Литмир - Электронная Библиотека
A
A

— Я художник.

— Чего? — Грэсович вытаращился на него, а улыбка, наконец, сползла с его лица. — Чего ты несешь, тварь? Кто ты?

— Художник, — повторил Арт, постаравшись придать своему голосу как можно больше уверенности и жесткости. — Я сбежал из Сопротивления, чтобы служить нашему Вождю. И не только служить, но и показать, что я умею. Вот почему я здесь. Я понимаю, что это звучит дико, что художник — это гений. И что у нас остался только один художник — наш великий Вождь. Но я тоже умею…

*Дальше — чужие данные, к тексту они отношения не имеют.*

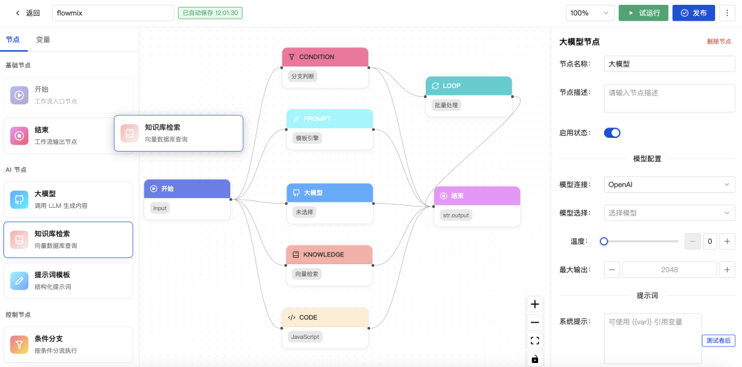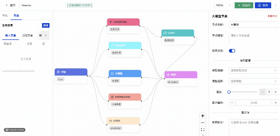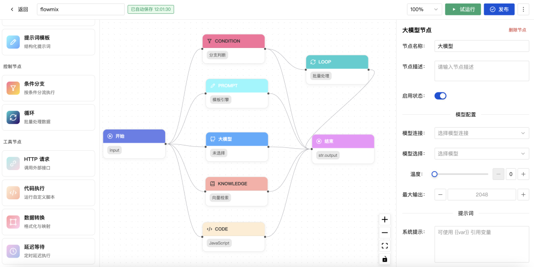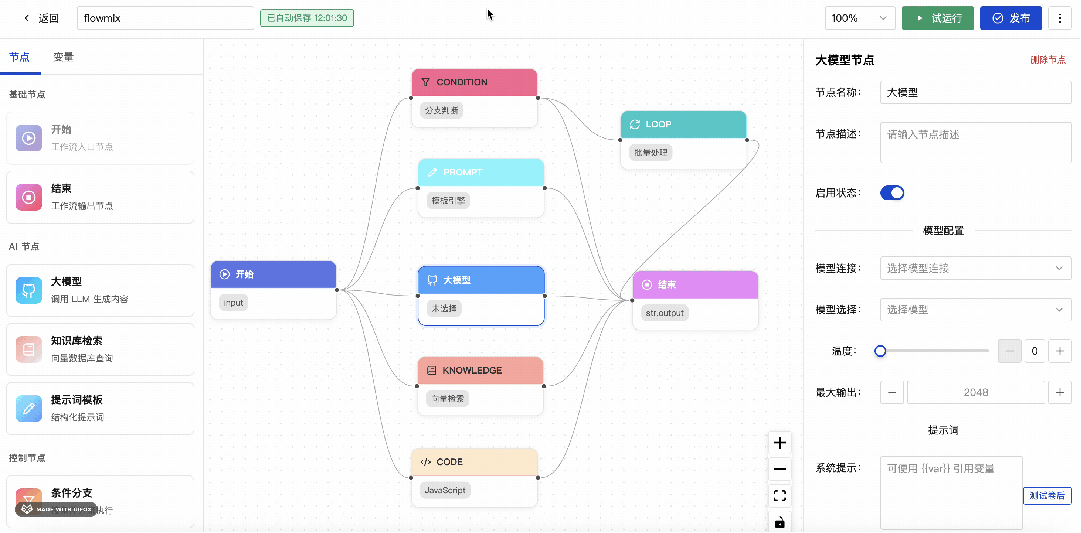 整个设计器实现了从节点定义,到节点拖拽,到节点的属性配置的全流程,大家可以基于这套方案开发公司内部的AI工作流产品。
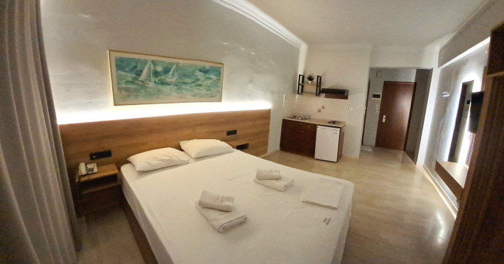 Este situat la aproximativ 50–100 m de plajă, la doar câțiva pași de zona cu magazine, taverne și baruri.

Договорить Арт не сумел. Тяжелый кулак Грэсович врезался в его лицо. Взвыв от резкой боли, Крылов схватился обеими руками за лицо, пытаясь сообразить, цел ли у него нос. Эсбэгэшник, тем временем, обошел вокруг него, словно обдумывая, куда бы нанести следующий удар. Арт не стал этого дожидаться, решив гнуть свою линию до конца. И будь, что будет.

— Если не верите, то принесите карандаш и бумагу. Я докажу.

— Докажешь? Ты хоть понимаешь, что ты сейчас наделал? Ты же приговор себе подписал. Ты на святое посягнул! Ты! Да ты!.. — Грэсович заводился все больше и больше. Арт читал где-то, что именно так делали и следователи в тридцатые, накручивая себя до полувменяемого состояния, в котором уже сами порой не ведали, что творили. — Докажет он! А!? Нет, Миха, ты слышал!? Нет, ты слышал!?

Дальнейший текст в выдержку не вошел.